Merkels "Wir schaffen das" alleine reicht nicht mehr. Die Flüchtlingskrise könnte die Kanzlerin das Amt kosten. Eine Obergrenze wird sie sich trotzdem nicht diktieren lassen.

Kommentar von Wolfgang Krach

Angela Merkel weiß, dass sie die Flüchtlingskrise das Amt kosten kann. Und sie weiß, dass sie die Krise das Amt kosten wird, wenn sie, die Kanzlerin, ihre Politik nicht ändert. Es ist deshalb für viele nicht zu verstehen, warum Merkel trotzdem scheinbar so stur auf ihrem Kurs beharrt.

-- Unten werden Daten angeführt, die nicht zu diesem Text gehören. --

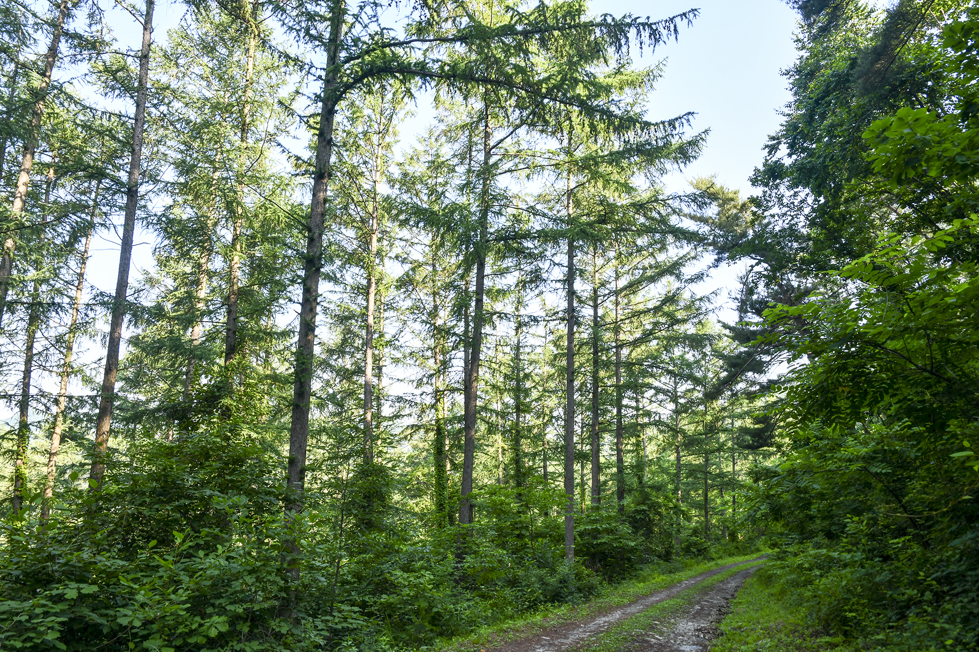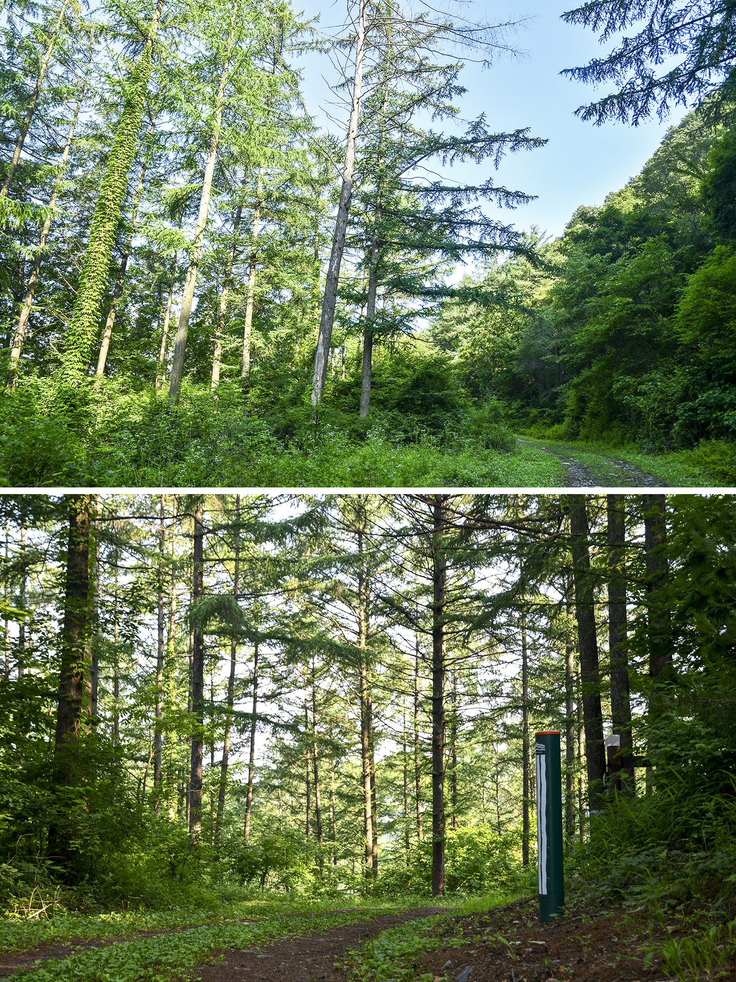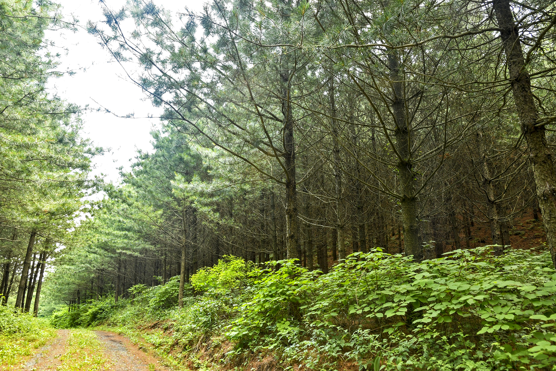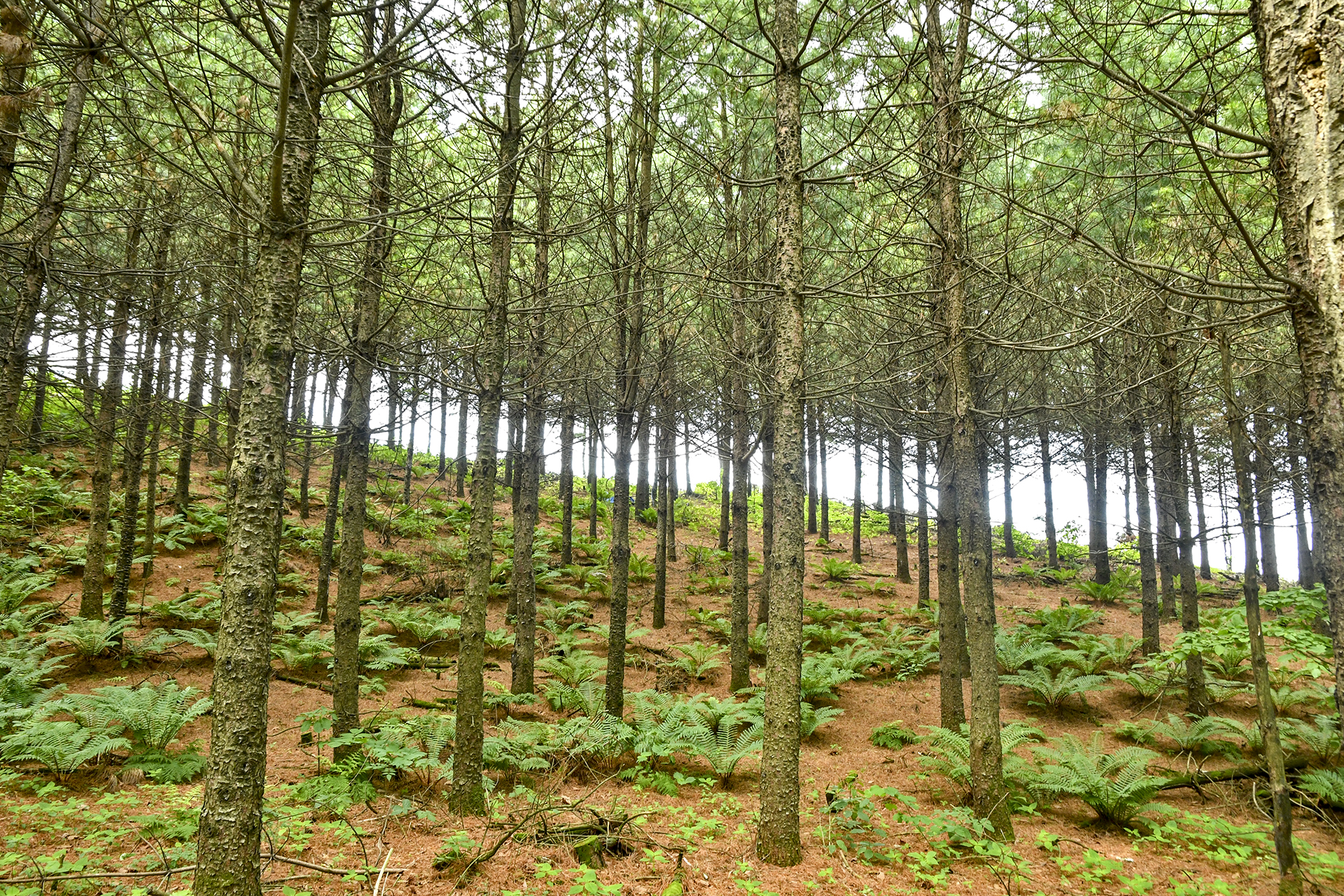 새롭게 조성되고 있는 잣나뭇 숲인듯 한데 나무 아래에는 잡풀 하나도 없이 잎이 큰 고사리만 있어 이색적인 풍경을 보여준다.

Merkel hat, seit sie vor bald 16 Jahren den CDU-Vorsitz von Wolfgang Schäuble übernommen hat, ihre Macht zielstrebig und mit Chuzpe ausgebaut. Sie hat sich als immer wieder selbsterneuerndes, flexibles System erwiesen und sich ihrer Widersacher entledigt. Und sie hat sogar Schäuble ausgebremst, der nicht Bundespräsident werden durfte. Warum sollte Merkel diese Macht aufs Spiel setzen?

Seit Wochen wird in der Union über einen "Kanzlerinnensturz" orakelt. Merkel ist angeschlagen, ja. Sie hat Vertrauen eingebüßt. Sie hat Menschen enttäuscht und wütend gemacht. Es mag sein, dass sie dauerhaft beschädigt bleibt. Doch reicht das dafür, dass sie ihr Amt verliert?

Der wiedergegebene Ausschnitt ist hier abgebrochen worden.